Яков Владленович взял своего короля и тоже откусил ему голову. Москательников проанализировал ситуацию и решил, что худенький, маленький Сорокин гораздо больше нарушает дисциплину, пуская из толстых губ пузыри, — строго подошел к нему и погрозил пальцем:
— А ну не хулигань!
Сорокин спрятал огромную, обритую наголо голову под подушку и перестал пускать пузыри.
— Здравствуй, дядя Юра.
— Здравствуй, Петя. Печеньки принес?
Грогин протянул пакет с печеньем Юрию Юрьевичу, хотел спросить о здоровье, но решил, что это будет не очень хорошо.
— Как живете, не скучаете?
— Не задавай идиотские вопросы.
Юрий Юрьевич не спеша жевал печенье, прихлебывая из кружки с отколотыми краями безвкусный чай, и совсем не слушал краткие однообразные новости Грогина о близких и не очень близких родственниках, глобальных и локальных событиях, погоде и занимательных случаях из жизни окружающих.
— Я вижу тебе не интересно.
— Почему же не интересно, напротив, вполне забавно слушать о вашей заунывной действительности.
— А здесь веселей?
— Что же это ты мне некорректные вопросы задаешь? Я человек, у которого душа болит, а ты тут на бульдозере разъезжаешь, тоньше надо быть! Какие конфеты принес? «Красную шапочку» или леденцовую мерзость какую-нибудь?
Грогин выложил конфеты на стол, машинально взял одну, развернул и съел ее. Юрий Юрьевич не сводил с челюстей Грогина взгляд, и Грогин стал ждать очередного возмущения, но Юрий Юрьевич хитро подмигнул Грогину и поманил пальцем:
— Петька, у тебя спичечный коробок есть?
— Зачем тебе?
— Заверну его в фантик и подсуну этому бугаю Якову — пусть изумляется всю оставшуюся жизнь.
— Тебе бы, дядя Юра, только людей обижать, в прошлый раз тетю Нину обидел, зачем-то написал на себя донос — ты же вполне можешь…

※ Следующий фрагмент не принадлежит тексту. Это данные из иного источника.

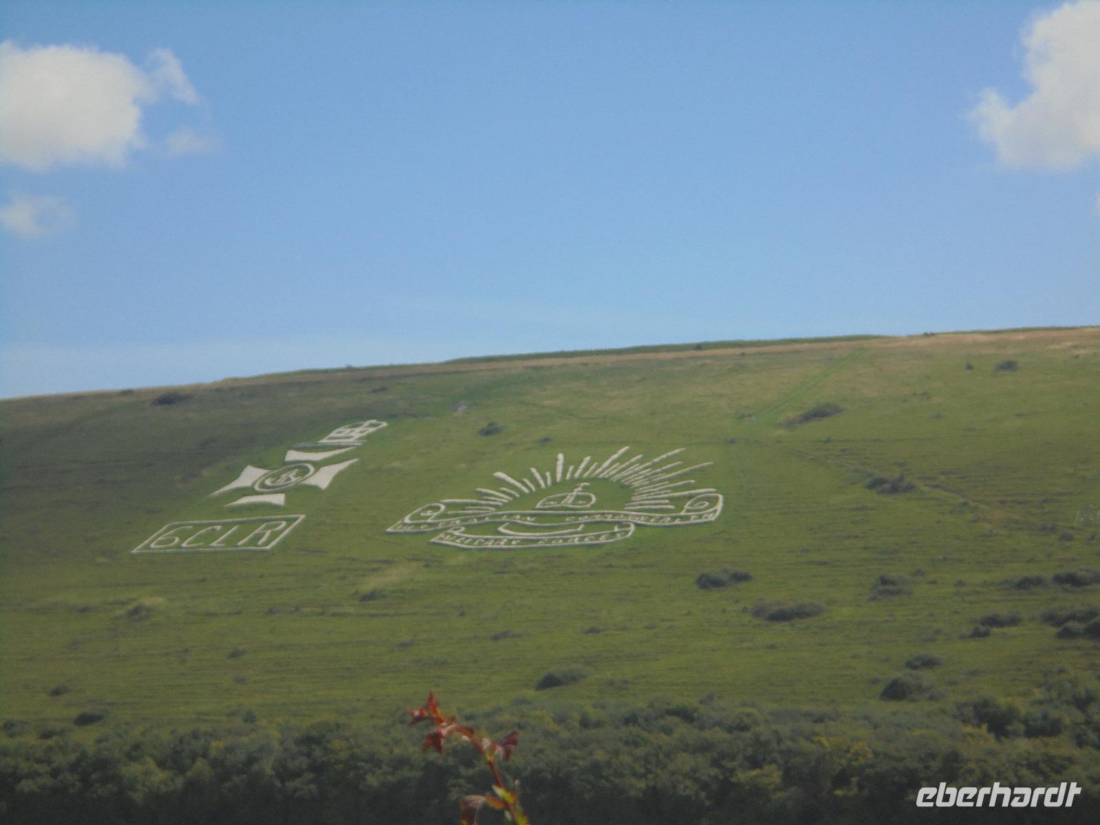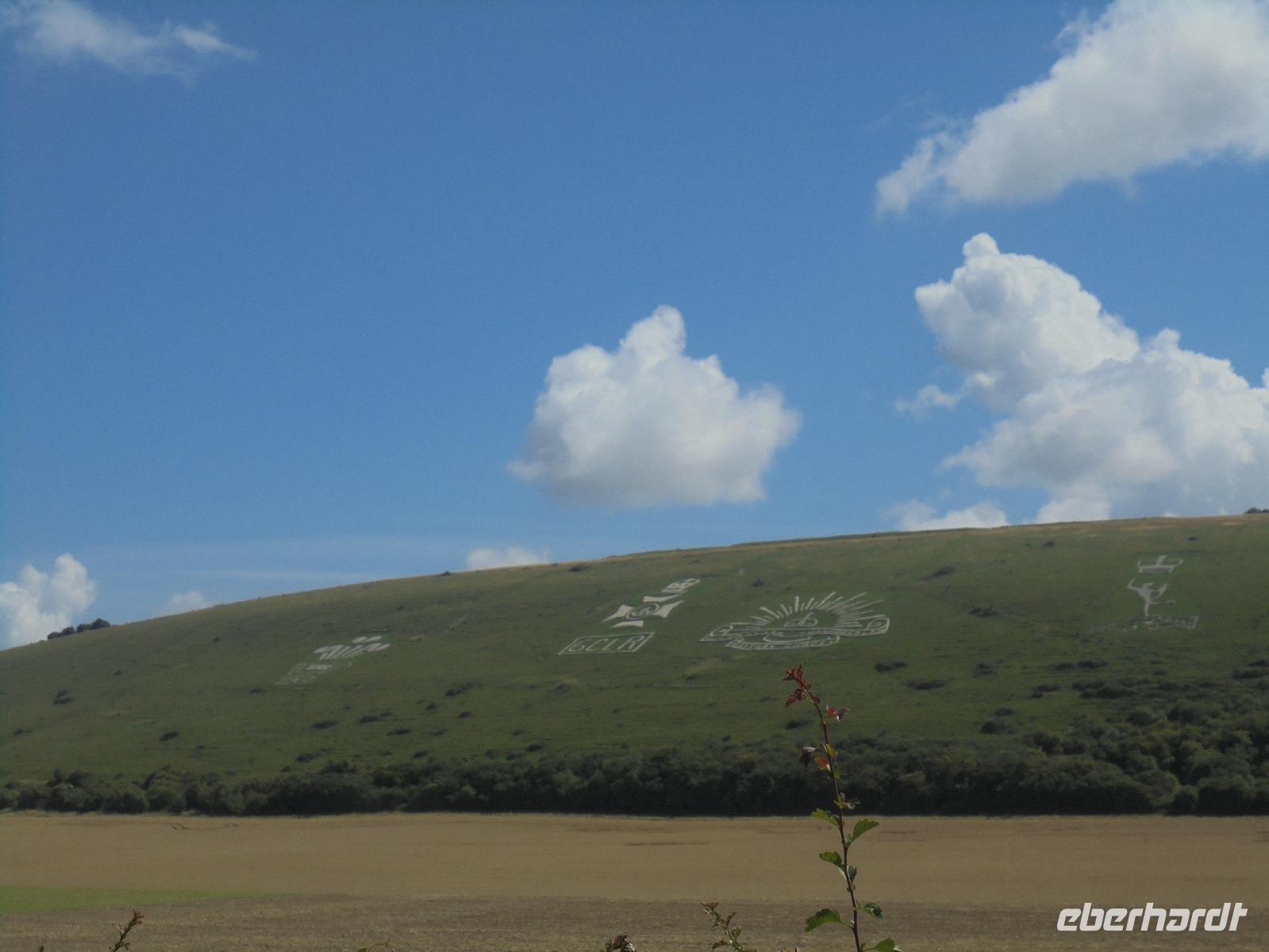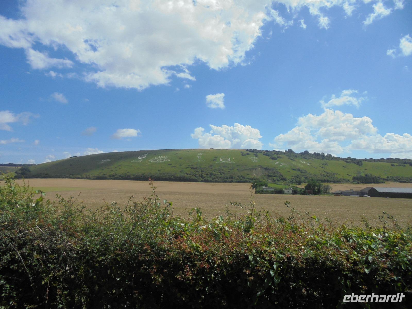 Ein gutes Stück Weg galt es heute Nachmittag zurückzulegen, den wir nur einmal für einen Fotostopp unterbrachen. Eine Merkwürdigkeit der Region sind die hiesigen „Hügelfiguren", die seit Jahrhunderten dadurch entstehen, dass man die dünne grüne Rasendecke der Hügel grabenartig wegkratzt, so dass der helle darunterliegende Kalkstein sichtbar wird. Auf diese Art wurden Pferde- oder Menschendarstellungen geschaffen, die man nur von bestimmten Punkten der Täler, Wege und Straßen erkennen kann. In dieser Technik hatte man aus Ehrerbietung gegenüber den Soldaten des 1. Weltkrieges nach dessen Ende riesige Darstellungen der Abzeichen wichtiger Armee-Einheiten in die Hügel gegraben. Einen solchen Anblick gibt es nur hier und nur von einer Stelle!

— Ну и скучный ты парень, Петька, тебя, наверно, девки не любят?
— Некоторые любят, некоторые не любят.
Юрий Юрьевич сделал из фантика маленький кораблик и пустил его в почти полную кружку Грогина.
— О чем беседовать будем, Петя?
— Не знаю.
— Давай поговорим о людях одного произведения.
— Хорошо.
— Ершова с его «Коньком-горбунком» я оставлю тебе на вечер, а вот, скажем, наш друг Джеймс писал дрянные стишки, не бог весть какие рассказики, и вдруг на тебе, пожалуйста: бессмертный «Улисс» — сначала слепой Гомер, потом слепой Джойс, кто ему надиктовал?
— Я бы не сказал, что стишки совсем никудышные, да и в рассказах, особенно в романе «Портрет художника в юности»…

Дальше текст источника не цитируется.